A muon detector has to fulfil four tasks:

  • Muon identification: this is done through absorption of other long-lived particles in the calorimeters (made of high-Z material) and through decay of short-lived particles on their path, before reaching the outside muon system.
  • Muon charge determination: by means of the bending direction in the magnetic field (positively and negatively charged muon bend in opposite direction). The magnetic field in the muon barrel region is below 1 T and rather uniform. The charge determination has to be better than 95%.
  • Muon momentum determination: is done through determination of the bending radius. The stand-alone muon system can provide 10% momentum resolution which can be improved by combining the muon track segments with those from the high-resolution tracker. The momentum resolution is limited by multiple scattering in the return-yoke iron and the materials up-front up to about 1 TeV energies. At higher muon energies, the chamber resolution of 100 micron starts to limit.
  • Trigger information: In hadron environments such as the LHC, the selection of the interesting events over a 10 orders of magnitude higher background is the main challenge. This selection is done by the trigger which looks for significant kinematic decay patterns or final state particles. Since muons are often present in the final state, a fast and reliable muon identifaction will constitute the first level muon trigger.

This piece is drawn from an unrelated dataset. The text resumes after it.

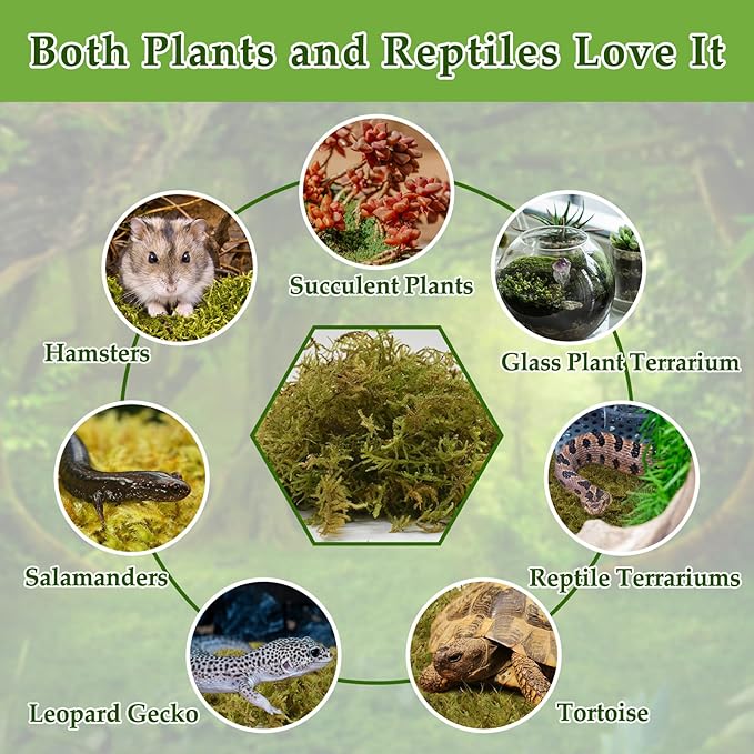 - Great Humidity Retention & Breathability: This terrarium moss is fluffy and absorbent, can provide a moist living environment for your reptiles. The moss also has an insulating effect, which will help the reptiles have a safe and cozy winter.
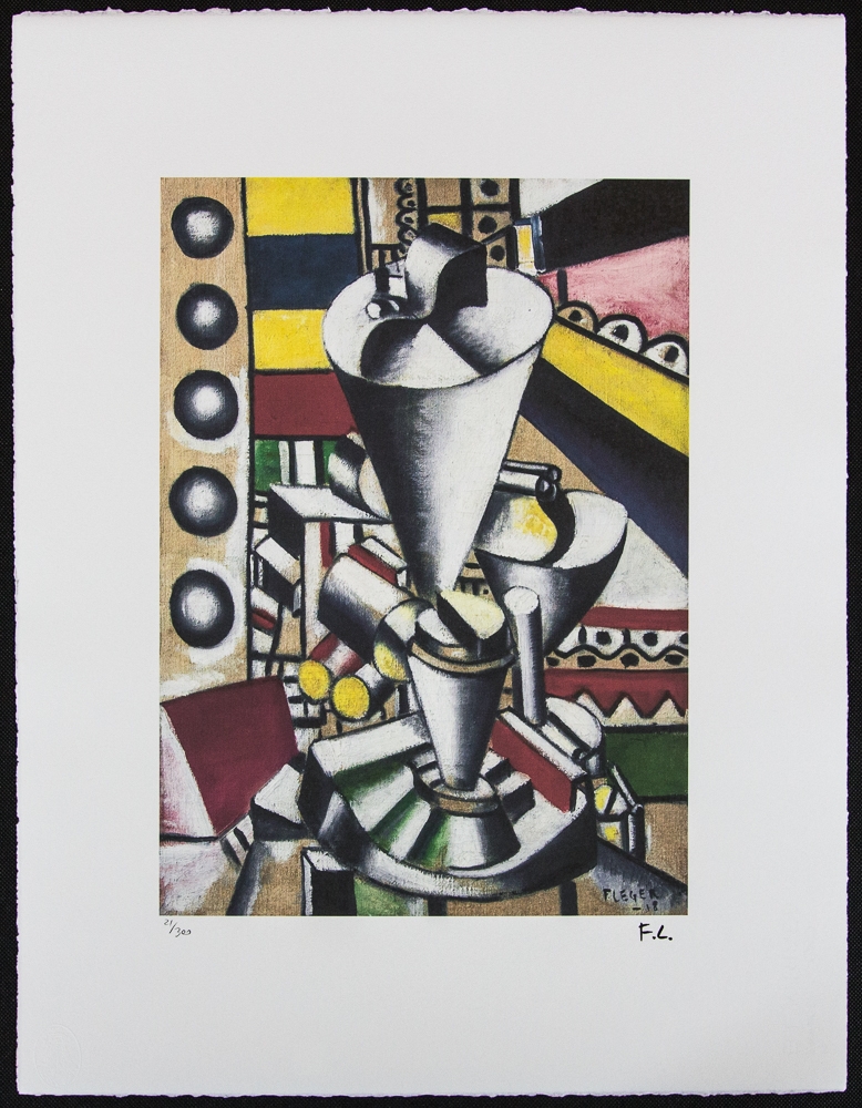 Fernand Léger (naar) lithografie "Still life in the elements of the machine", plaat gesigneerd rechtsonder, genummerd in potlood linksonder, gelimiteerde oplage 21/300, stempel van de uitgeverij rechtsonder links "Leonardo Artis", BFK Rives France dik papier met watermerk, bladformaat 50 x 65 cm, zonder aanvullende documentatie, wordt zonder lijst verkocht, wij bieden verzending aan huis, als de koper meerdere items wint, combineren we de verzending

The CMS barrel muon chambers are big drift-chambers (up to 4 x 2 qm cross-section and several hundred channels per chamber). A through-going charged particle creates electrons and ions which drift in the elctric field. Electrons drift to the anode wire in the centre of the cell, while the slower ions drift to the cathode. The ion signal is not read out. The electric field is uniform over large ares to allow a constant drift velocity, which is 55 microns per nanosecond in our case. Near the wire the field increases by several orders of magnitude and electron multiplication occours. About 10^5 electrons arrive at the wire and will be read out. A muon detector consists of several layers, two times four in the important r-phi-plane and one times four in the orthogonal direction. Individual cells are rectangular with dimensions of 4 x 1 cm.The layers are stacked up from aluminium plates spaced by so-called I-beams (the picture shows where the name comes from). These I-beams are covered by a conductive foil constituting the cathode. In the cell-centre is a 50 micron wire strung with 3 N tension, constituting the anode.
The rectangular shape of the cell requires field shaping in the middle region to avoid that field lines leave the cell. Electrons following these field lines would be lost and the signal reduced. Strips of conductive foil are glued to the aluminium plates whose electric field form the elctric field as seen in the picture. The chambers are operated with voltages of 3.7 kV for the wires, -1.2 kV for the cathodes and 1.8 kV for the field shaping electrodes. The amplification gas is ArCO_2.